• **Assignment**:
The answer must be only the lines below from the one holding "3 раздельные комнаты, гостиная, кухня" down to the one holding "BIOS 또는 UEFI이냐에 따라서 부트 디바이스 선택이 다름에 유의한다.", ends included, printed exactly; please omit all pictures.

• **Task input**:
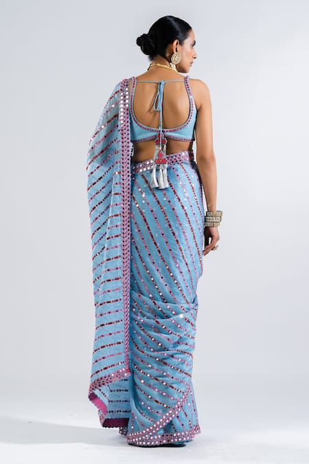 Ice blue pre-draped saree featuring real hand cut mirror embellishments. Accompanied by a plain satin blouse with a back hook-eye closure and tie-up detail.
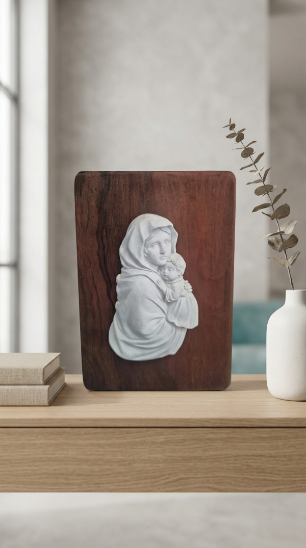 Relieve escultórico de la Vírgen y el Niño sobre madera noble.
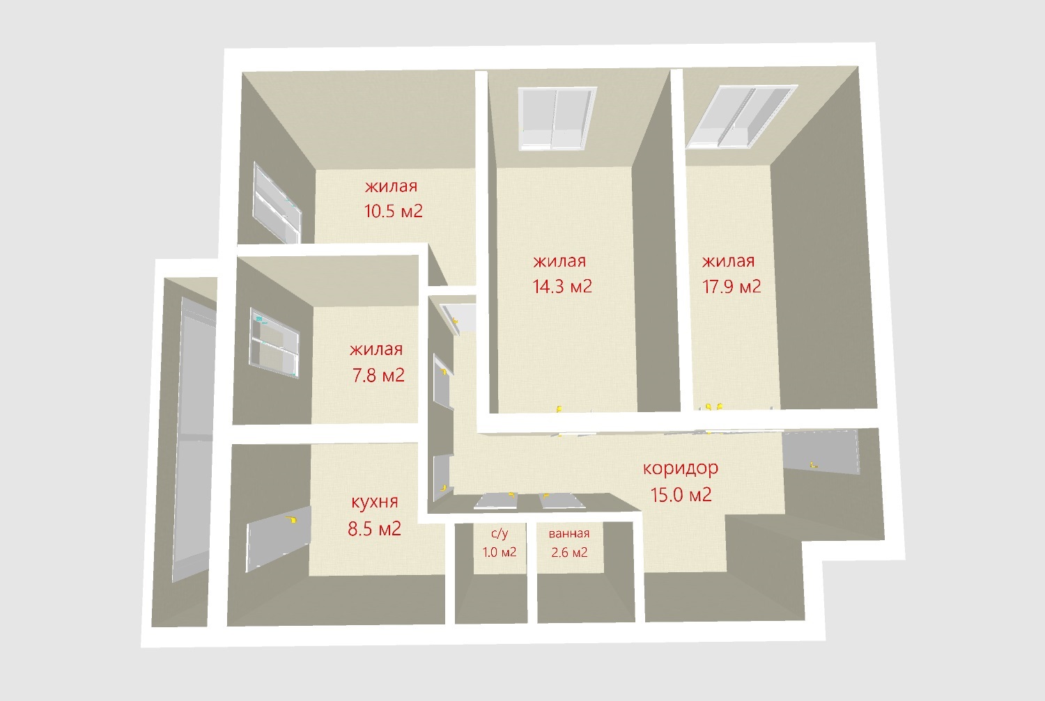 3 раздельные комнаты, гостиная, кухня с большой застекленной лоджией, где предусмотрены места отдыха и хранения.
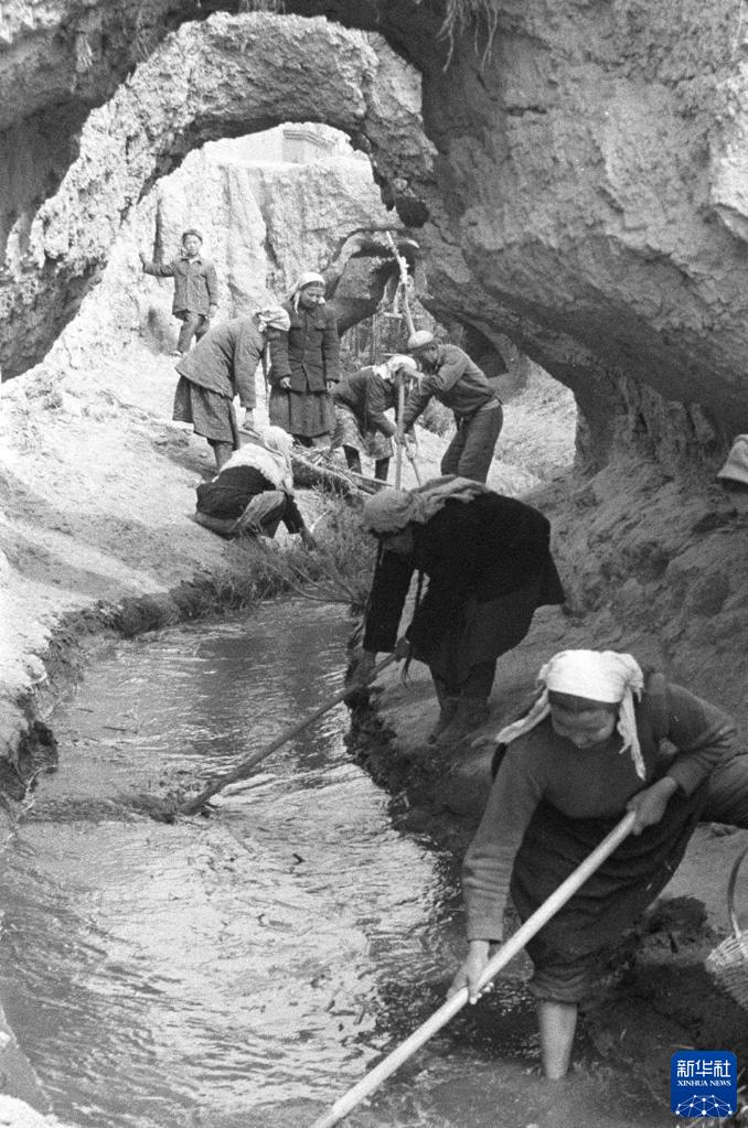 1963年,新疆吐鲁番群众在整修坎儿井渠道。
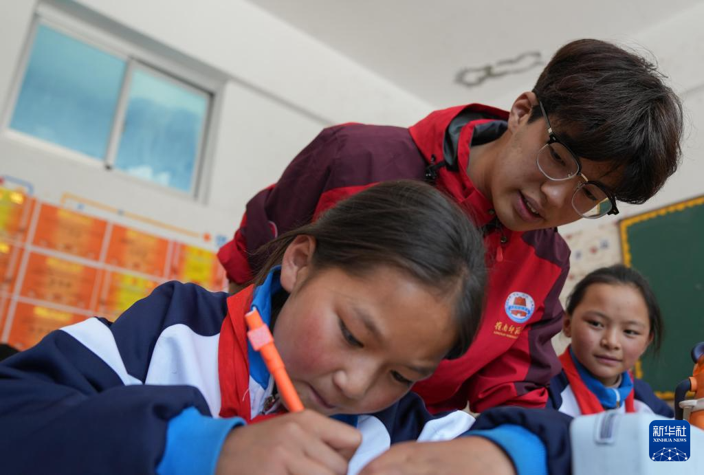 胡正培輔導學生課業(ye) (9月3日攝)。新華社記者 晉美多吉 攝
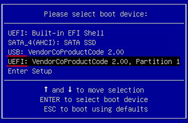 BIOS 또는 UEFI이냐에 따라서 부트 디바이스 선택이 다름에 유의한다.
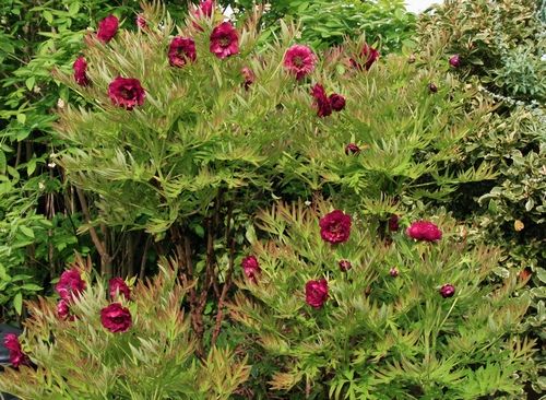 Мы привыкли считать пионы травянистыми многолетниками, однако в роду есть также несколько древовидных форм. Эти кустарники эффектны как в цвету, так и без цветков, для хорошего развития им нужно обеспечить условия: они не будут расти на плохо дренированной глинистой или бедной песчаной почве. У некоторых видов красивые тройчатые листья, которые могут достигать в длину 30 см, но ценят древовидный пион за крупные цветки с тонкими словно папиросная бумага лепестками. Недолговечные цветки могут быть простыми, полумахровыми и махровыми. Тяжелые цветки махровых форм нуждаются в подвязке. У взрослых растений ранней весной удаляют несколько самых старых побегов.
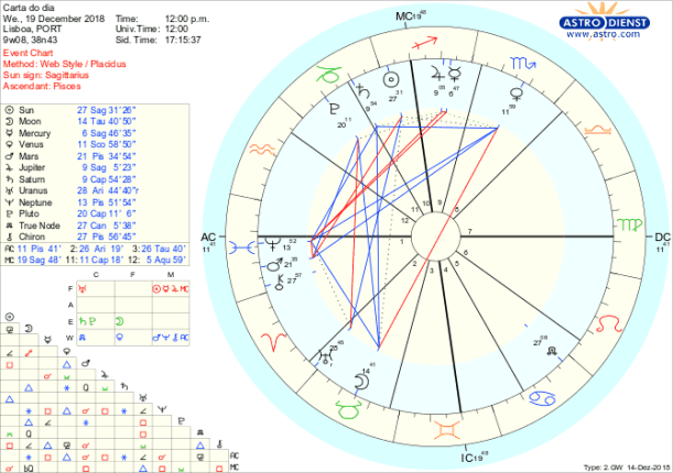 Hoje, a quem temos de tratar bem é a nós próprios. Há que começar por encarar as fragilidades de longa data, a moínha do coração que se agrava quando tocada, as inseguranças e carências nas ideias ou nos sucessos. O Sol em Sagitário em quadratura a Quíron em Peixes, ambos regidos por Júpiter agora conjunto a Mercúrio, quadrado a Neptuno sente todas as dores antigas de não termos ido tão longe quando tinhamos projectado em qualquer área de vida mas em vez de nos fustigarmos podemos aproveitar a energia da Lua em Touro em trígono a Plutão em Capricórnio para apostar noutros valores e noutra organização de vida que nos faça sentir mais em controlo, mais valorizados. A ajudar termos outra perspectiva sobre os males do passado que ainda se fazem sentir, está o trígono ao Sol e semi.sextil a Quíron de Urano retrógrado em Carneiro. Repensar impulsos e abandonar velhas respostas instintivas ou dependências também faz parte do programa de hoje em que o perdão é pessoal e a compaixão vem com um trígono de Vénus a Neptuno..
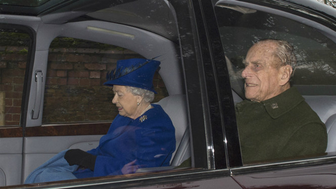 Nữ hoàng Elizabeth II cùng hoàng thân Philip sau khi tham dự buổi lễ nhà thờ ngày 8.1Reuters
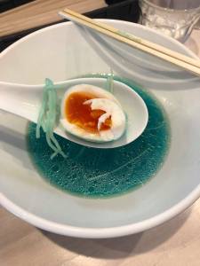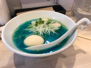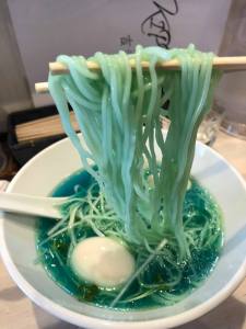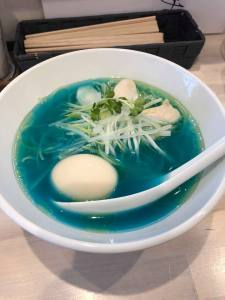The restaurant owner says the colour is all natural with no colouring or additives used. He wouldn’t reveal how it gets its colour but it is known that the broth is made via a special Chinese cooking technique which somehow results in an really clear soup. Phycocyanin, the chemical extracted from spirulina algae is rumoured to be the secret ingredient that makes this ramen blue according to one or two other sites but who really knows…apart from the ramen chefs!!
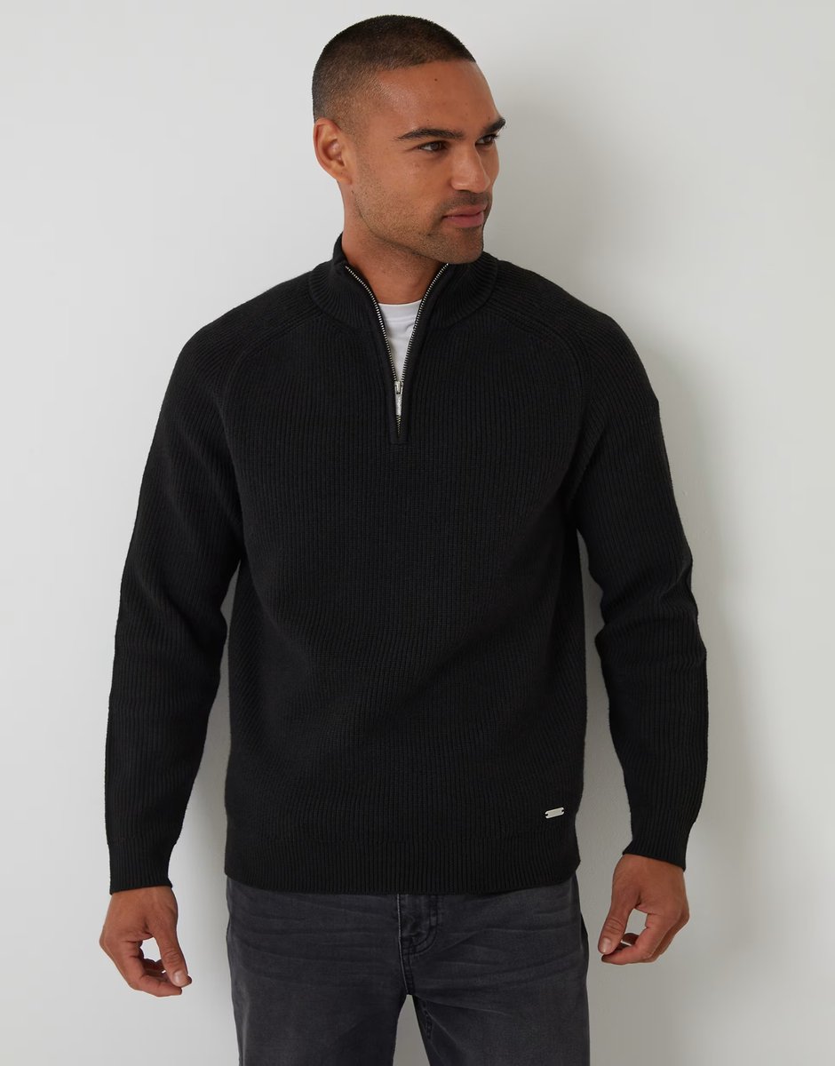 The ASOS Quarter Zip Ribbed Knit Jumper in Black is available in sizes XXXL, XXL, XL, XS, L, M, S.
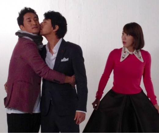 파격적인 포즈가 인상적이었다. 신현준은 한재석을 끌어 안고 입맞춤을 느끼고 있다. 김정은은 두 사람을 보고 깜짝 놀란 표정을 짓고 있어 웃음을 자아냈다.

• **Solution**:
 3 раздельные комнаты, гостиная, кухня с большой застекленной лоджией, где предусмотрены места отдыха и хранения.
 1963年,新疆吐鲁番群众在整修坎儿井渠道。
 胡正培輔導學生課業(ye) (9月3日攝)。新華社記者 晉美多吉 攝
 BIOS 또는 UEFI이냐에 따라서 부트 디바이스 선택이 다름에 유의한다.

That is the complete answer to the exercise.